++++ DATA SEGMENT
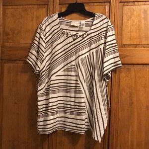 NWT Alfred Dunner Cream Brown Stripe Embellished Blouse 1X
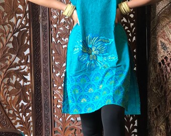 Only 1 available and it's in 1 person's cartWomens Tunic Dress Blue Printed Embroidered Summer Cotton Handmade Bohemian Kurti M
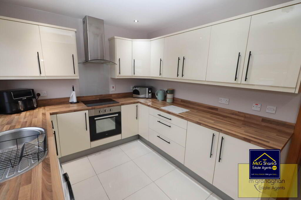 The kitchen is thoughtfully designed with a range of fitted units, offering plenty of storage and work surface area, perfect for culinary enthusiasts. Adjacent to the kitchen, a door leads out to a private garden, an ideal outdoor space for al fresco dining, gardening, or simply unwinding in a peaceful setting.
++++++++
REQUIRED WORK
The data above should be restated exactly, with its images dropped.

YOUR RESPONSE
 NWT Alfred Dunner Cream Brown Stripe Embellished Blouse 1X
 Only 1 available and it's in 1 person's cartWomens Tunic Dress Blue Printed Embroidered Summer Cotton Handmade Bohemian Kurti M
 The kitchen is thoughtfully designed with a range of fitted units, offering plenty of storage and work surface area, perfect for culinary enthusiasts. Adjacent to the kitchen, a door leads out to a private garden, an ideal outdoor space for al fresco dining, gardening, or simply unwinding in a peaceful setting.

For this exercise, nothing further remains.